Bridging the gap between complex scientific research and the curious minds eager to explore it.

Computer Science, Social and Information Networks

Uncovering the Topics of Online Discussions: A Text Mining Approach

Uncovering the Topics of Online Discussions: A Text Mining Approach

In this article, we explore how to analyze online discussions using a structural approach that captures the dynamics of content going viral and estimates polarization in online audiences. The author explains that while this method is already insightful, it can be expanded to include more human-centered directions by incorporating sentiment, emotions, topics, and ideas as embedded in online posts.
The author begins by describing the importance of text preprocessing, which involves adopting a standard pipeline and lemmatizing words to obtain their root forms. This helps reduce variations and standardize language representation. Next, the author discusses the implementation of BERTopic, an algorithm that provides various choices for its components. To ensure the extraction of both individual words and bigrams/trigrams, the author employs BERTopic with a unigram-to-trigram range (1, 3).
The author then explains how they tested different dimension reduction and clustering methods and opted for UMAP and HDBSCAN. Specifically, they set a minimum cluster size of 200 to avoid small and noisy topics. The author notes that while HDBSCAN can provide valuable insights, it may lead to neglecting the textual, cognitive, and affective components of human interactions.
The author concludes by emphasizing the need to expand structural investigations to more human-centered directions by capturing sentiment, emotions, topics, and ideas as embedded in online posts.
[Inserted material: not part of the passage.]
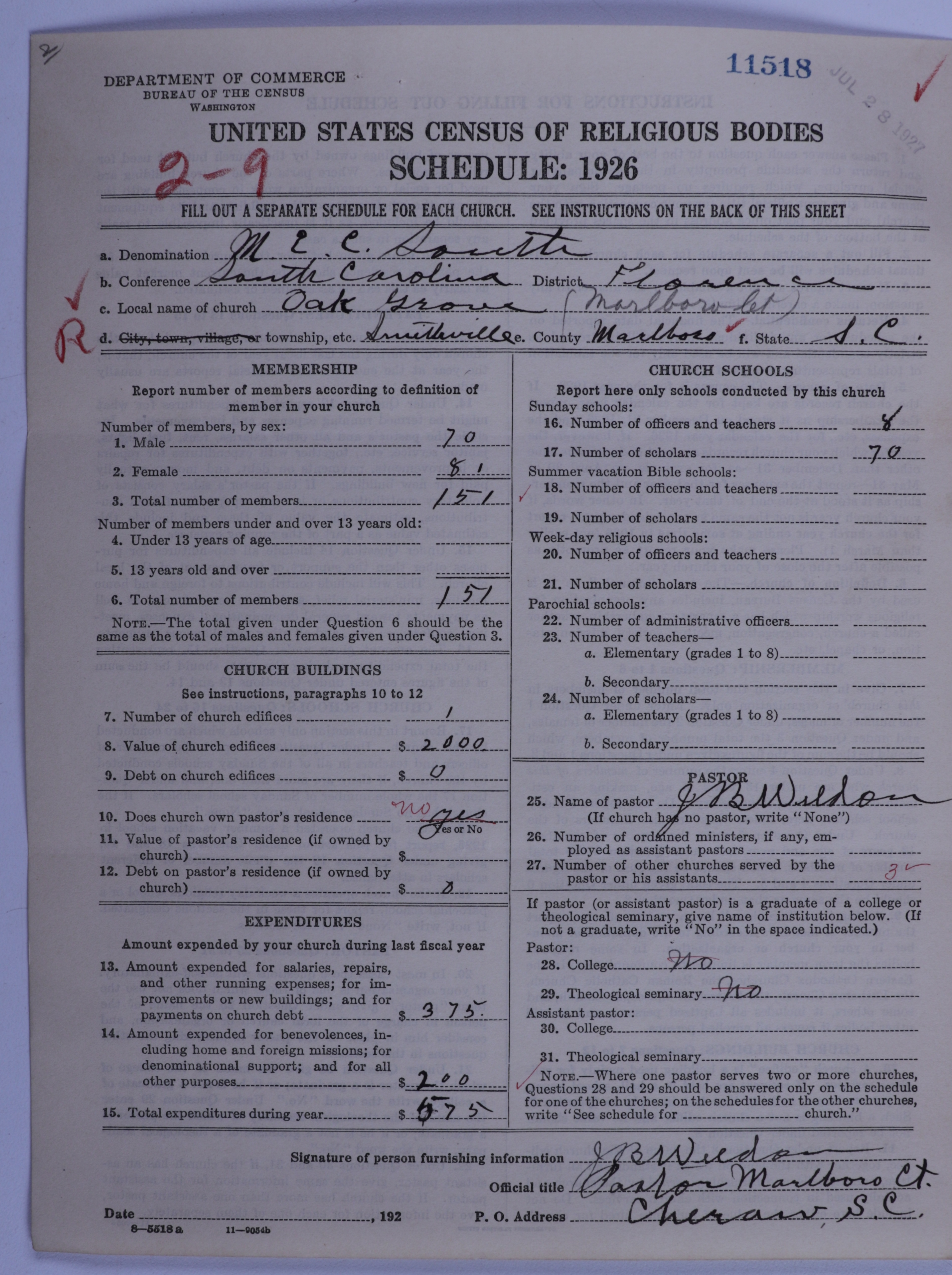 Methodist Episcopal Church, South: 11518

By doing so, researchers can gain a deeper understanding of the dynamics of online discussions and improve their analysis of content going viral and polarization in online audiences.
In summary, this article explores the structural approach to analyzing online discussions, which involves capturing sentiment, emotions, topics, and ideas as embedded in online posts to gain a deeper understanding of the dynamics of online interactions. By incorporating more human-centered directions, researchers can improve their analysis of content going viral and polarization in online audiences.